Please retype every entry as written, and keep the pictures out.

Input material:
>>>

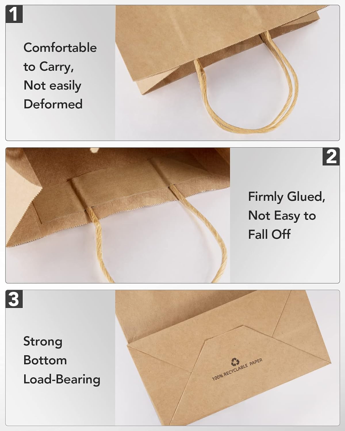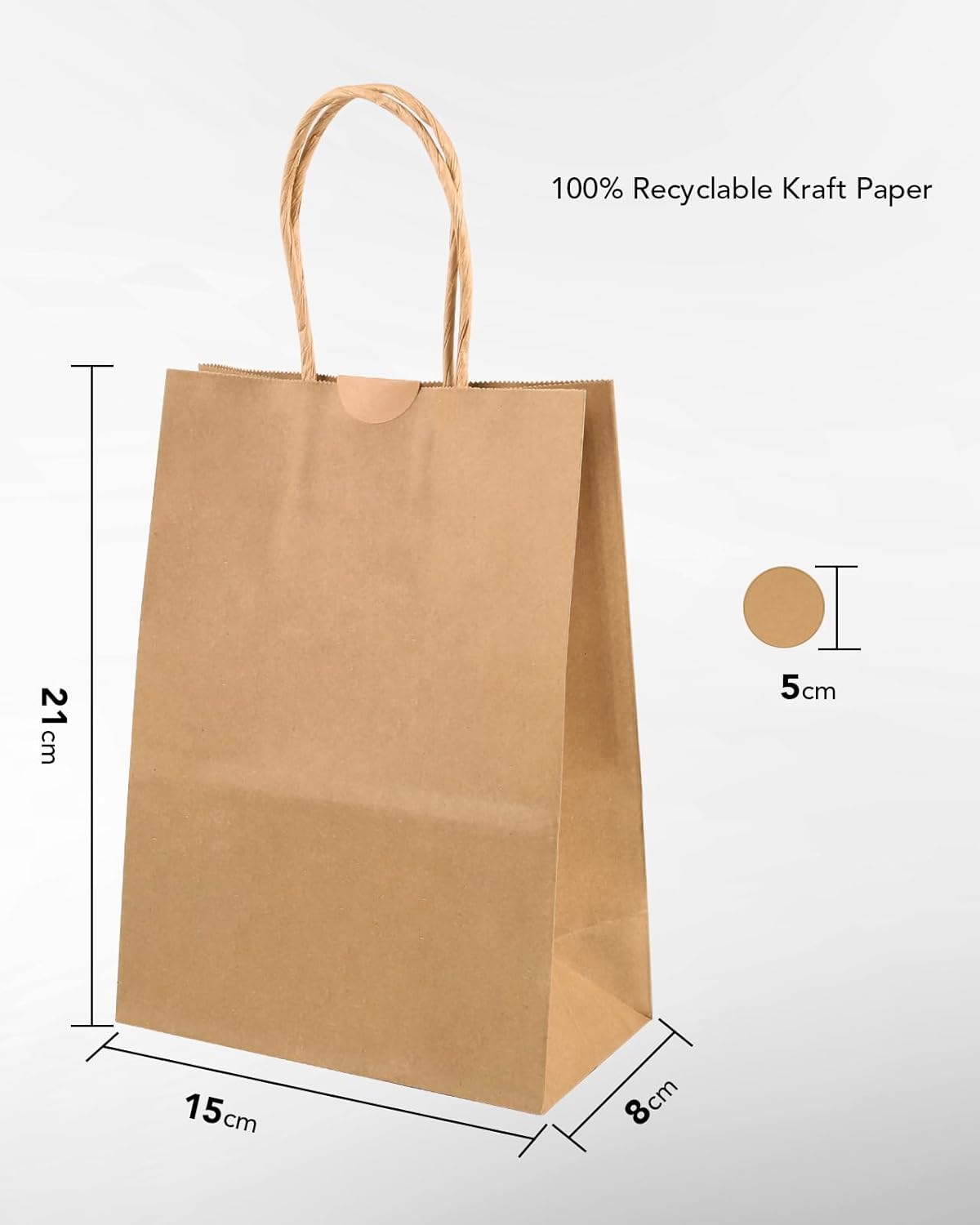 Materiale cartaceo di alta qualità: il sacchetto di carta è realizzato in carta kraft marrone di alta qualità riciclabile e degradabile, fine e liscia, non candeggiante e priva di inquinamento. Forti e durevoli: i sacchetti di carta BESTOST sono spessi, resistenti e non facili da rompere. I sacchetti di compleanno sono realizzati in carta kraft di alta qualità con uno spessore di 130 g per metro quadrato, che è più spessa dei sacchetti di carta con uno spessore di 101 g per metro quadrato sul mercato. Forte legame: il fondo dei sacchetti regalo e la maniglia sono incollati con colla di alta qualità, solida e non facile da staccare. Il sacchetto di carta piccolo può contenere 3 kg, mentre il sacchetto di carta grande può contenere 5 kg. Design portatile della fune di sollevamento: la maniglia di carta ha una consistenza confortevole, non è facile da deformare e non pizzica le mani. Dimensioni del sacchetto regalo: la dimensione del sacchetto regalo è 15 x 8 x 21 cm, totale 40 pezzi. Abbiamo incluso anche 46 adesivi con sigillo di carta. Puoi creare tu stesso delle borsette e decorarle come preferisci per abbinarle al tema della tua festa. Puoi anche stampare il logo della tua azienda o del tuo gruppo sui sacchetti di carta kraft e usarli come sacchetti regalo per le feste. Ampia applicazione: i sacchetti regalo BESCOST sono adatti per feste di compleanno, matrimoni, lauree, Natale, Ringraziamento, Halloween, Natale, anniversari e altre occasioni. Può essere utilizzato anche per contenere caramelle, torte, biscotti e piccole crostate.
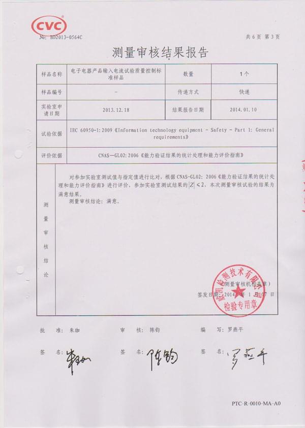 《電子電器產(chǎn)品輸入電流試驗(yàn)質(zhì)量控制標(biāo)準(zhǔn)樣品》測量審核結(jié)果報(bào)告
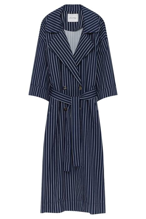 OVERSIZED BELTED LONG TRENCH RAYURES NAVY
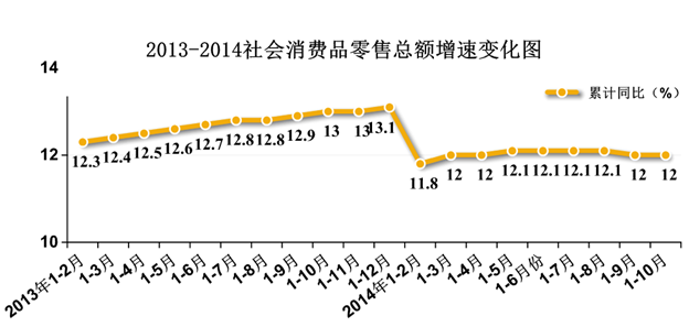 2014年1-10月份,社会消费品零售总额213118亿元,同比增长12.0%,增速与1-9月份持平,较上年同期回落1.0个百分点。其中,限额以上单位网上零售额3307亿元,增长55.6%。
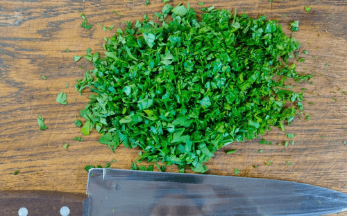 Затем нашинковать мелко петрушку.
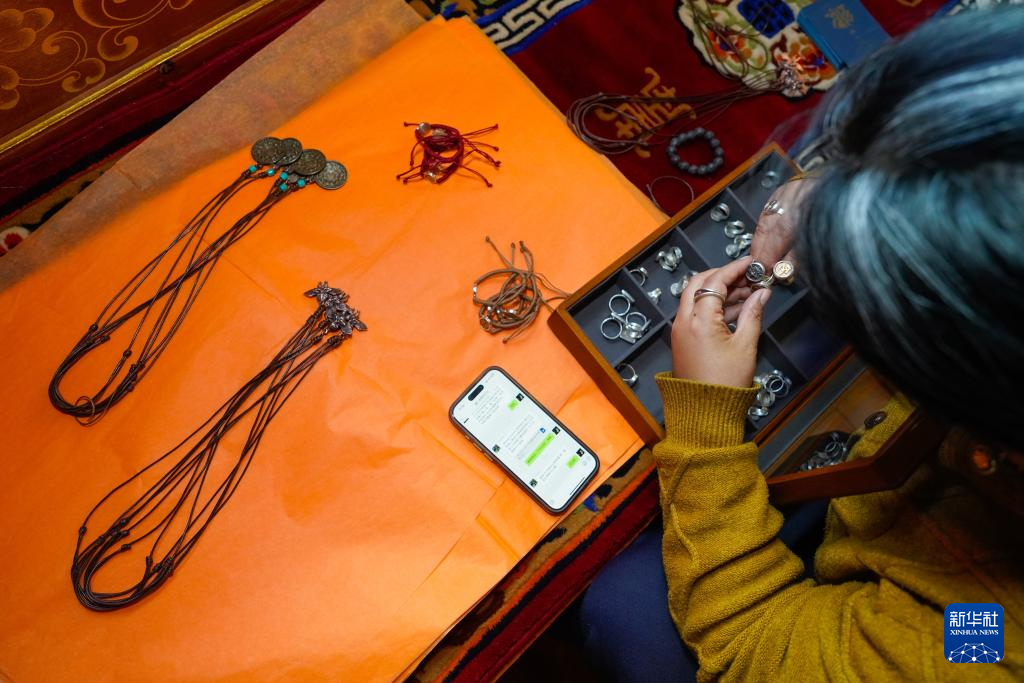 達瓦卓瑪在整理準備要寄出的訂單貨品(11月3日攝)。新華社記者 沈伯韓 攝
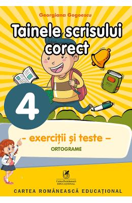Tainele scrisului corect. Exercitii si teste pentru clasa a IV-a. • Ortograme Lucrarea de fata, TAINELE SCRISULUI CORECT, Clasa a IV-a , este un auxiliar didactic, un instrument util cadrului didactic, dar mai ales elevului, fiind parte componenta a unui grupaj de lucrari alcatuite coerent, sprijinindu-se pe recomandarile Ministerului Educatiei Nationale cuprinse in programele de invatamant si pe metodologiile didactice diseminate in cadrul inspectoratelor scolare si cercurilor pedagogice, la care s-au adaugat experienta si competenta autoarei. Auxiliarul cuprinde un demers didactic care porneste de la activitati deInvatare ce permit insusirea, accentuarea, aprofundarea si extinderea notiunilor de limba – ortografie, fiind schematizat pe zone, astfel: DESCOPAR!, MA INFORMEZ! …
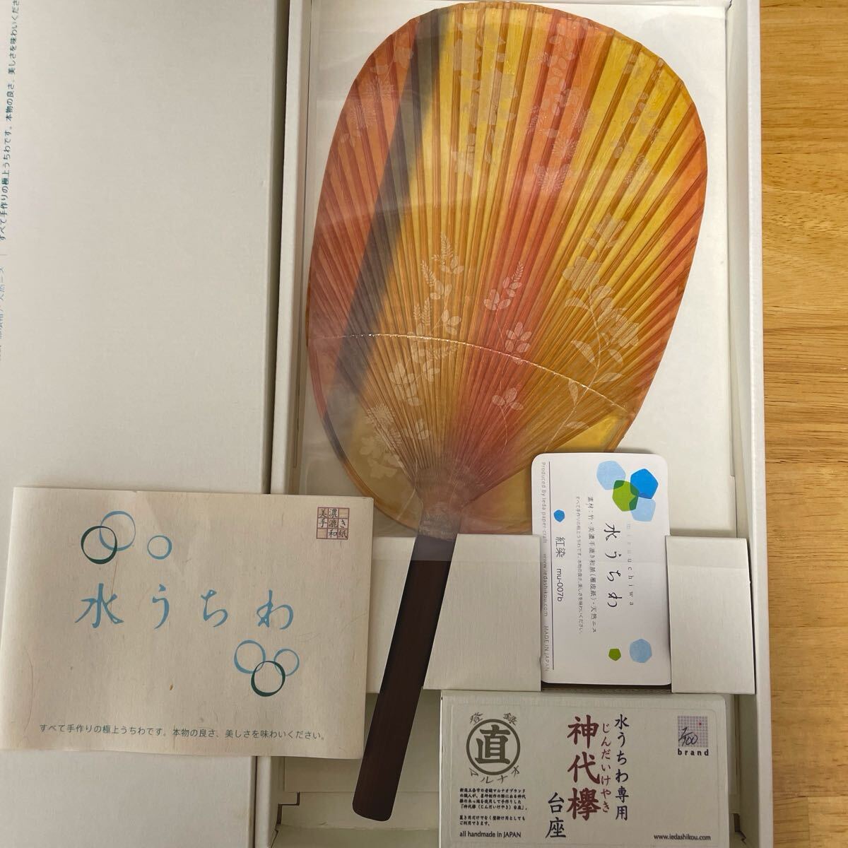 - 未使用に近い!美濃和紙 水うちわ 小判型 紅染 箱入り 家田紙工 美濃手漉き和紙 雁皮紙 竹 極上うちわ 日本製 和装小物 台座付き
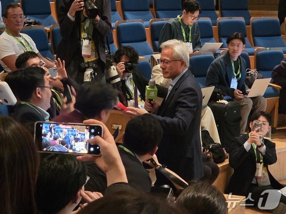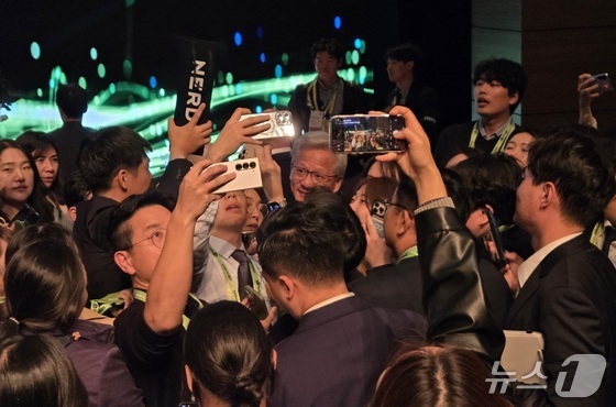 31일 경주 예술의전당 원당홀에서 열린 엔비디아 기자간담회에서 젠슨 황 엔비디아 CEO가 셀카를 찍으려는 기자들에게 둘러싸여 있다.2025.10.31/뉴스1 © News1 박기범 기자
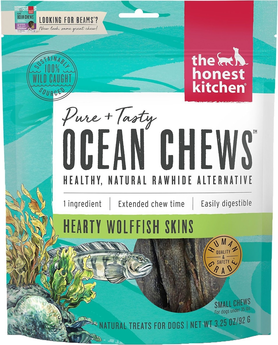 - The Honest Kitchen Human Grade Beams Ocean Chews Cod Fish Skins Dehydrated Dog Treats, Small, 2.75-oz bag$11.00 Chewy Price$13.99 List Price$10.45 Autoship PricePromo, New Customers Only: Spend $49+, Get $20 eGift Card
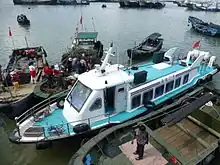 Fairly frequent local bus service connects most towns (镇) with neighboring towns and the county seat. Ferries operate across some river estuaries. For example, there is passenger ferry service from Long'an 龙安 (the port for Dianxia Town 店下镇, connected by bus service to Fuding and Taimushan) to Shacheng Town (傻城镇), the port town on the border with Zhejiang, from which one can travel north into Zhejiang (the Yuliao 渔寮 resort area and beyond, toward Cangnan and Wenzhou) along the winding coastal road (bus service available).
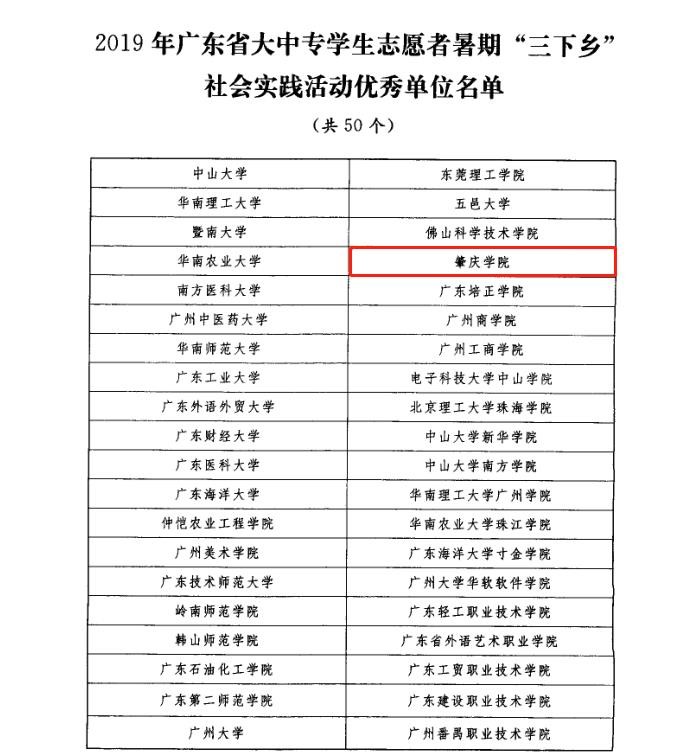 2019年广东大中专学生志愿者暑期 “三下乡”社会实践活动优秀单位名单

<<<

Solution to this exercise:
 Materiale cartaceo di alta qualità: il sacchetto di carta è realizzato in carta kraft marrone di alta qualità riciclabile e degradabile, fine e liscia, non candeggiante e priva di inquinamento. Forti e durevoli: i sacchetti di carta BESTOST sono spessi, resistenti e non facili da rompere. I sacchetti di compleanno sono realizzati in carta kraft di alta qualità con uno spessore di 130 g per metro quadrato, che è più spessa dei sacchetti di carta con uno spessore di 101 g per metro quadrato sul mercato. Forte legame: il fondo dei sacchetti regalo e la maniglia sono incollati con colla di alta qualità, solida e non facile da staccare. Il sacchetto di carta piccolo può contenere 3 kg, mentre il sacchetto di carta grande può contenere 5 kg. Design portatile della fune di sollevamento: la maniglia di carta ha una consistenza confortevole, non è facile da deformare e non pizzica le mani. Dimensioni del sacchetto regalo: la dimensione del sacchetto regalo è 15 x 8 x 21 cm, totale 40 pezzi. Abbiamo incluso anche 46 adesivi con sigillo di carta. Puoi creare tu stesso delle borsette e decorarle come preferisci per abbinarle al tema della tua festa. Puoi anche stampare il logo della tua azienda o del tuo gruppo sui sacchetti di carta kraft e usarli come sacchetti regalo per le feste. Ampia applicazione: i sacchetti regalo BESCOST sono adatti per feste di compleanno, matrimoni, lauree, Natale, Ringraziamento, Halloween, Natale, anniversari e altre occasioni. Può essere utilizzato anche per contenere caramelle, torte, biscotti e piccole crostate.
 《電子電器產(chǎn)品輸入電流試驗(yàn)質(zhì)量控制標(biāo)準(zhǔn)樣品》測量審核結(jié)果報(bào)告
 OVERSIZED BELTED LONG TRENCH RAYURES NAVY
 2014年1-10月份,社会消费品零售总额213118亿元,同比增长12.0%,增速与1-9月份持平,较上年同期回落1.0个百分点。其中,限额以上单位网上零售额3307亿元,增长55.6%。
 Затем нашинковать мелко петрушку.
 達瓦卓瑪在整理準備要寄出的訂單貨品(11月3日攝)。新華社記者 沈伯韓 攝
Tainele scrisului corect. Exercitii si teste pentru clasa a IV-a. • Ortograme Lucrarea de fata, TAINELE SCRISULUI CORECT, Clasa a IV-a , este un auxiliar didactic, un instrument util cadrului didactic, dar mai ales elevului, fiind parte componenta a unui grupaj de lucrari alcatuite coerent, sprijinindu-se pe recomandarile Ministerului Educatiei Nationale cuprinse in programele de invatamant si pe metodologiile didactice diseminate in cadrul inspectoratelor scolare si cercurilor pedagogice, la care s-au adaugat experienta si competenta autoarei. Auxiliarul cuprinde un demers didactic care porneste de la activitati deInvatare ce permit insusirea, accentuarea, aprofundarea si extinderea notiunilor de limba – ortografie, fiind schematizat pe zone, astfel: DESCOPAR!, MA INFORMEZ! …
 - 未使用に近い!美濃和紙 水うちわ 小判型 紅染 箱入り 家田紙工 美濃手漉き和紙 雁皮紙 竹 極上うちわ 日本製 和装小物 台座付き
 31일 경주 예술의전당 원당홀에서 열린 엔비디아 기자간담회에서 젠슨 황 엔비디아 CEO가 셀카를 찍으려는 기자들에게 둘러싸여 있다.2025.10.31/뉴스1 © News1 박기범 기자
 - The Honest Kitchen Human Grade Beams Ocean Chews Cod Fish Skins Dehydrated Dog Treats, Small, 2.75-oz bag$11.00 Chewy Price$13.99 List Price$10.45 Autoship PricePromo, New Customers Only: Spend $49+, Get $20 eGift Card
 Fairly frequent local bus service connects most towns (镇) with neighboring towns and the county seat. Ferries operate across some river estuaries. For example, there is passenger ferry service from Long'an 龙安 (the port for Dianxia Town 店下镇, connected by bus service to Fuding and Taimushan) to Shacheng Town (傻城镇), the port town on the border with Zhejiang, from which one can travel north into Zhejiang (the Yuliao 渔寮 resort area and beyond, toward Cangnan and Wenzhou) along the winding coastal road (bus service available).
 2019年广东大中专学生志愿者暑期 “三下乡”社会实践活动优秀单位名单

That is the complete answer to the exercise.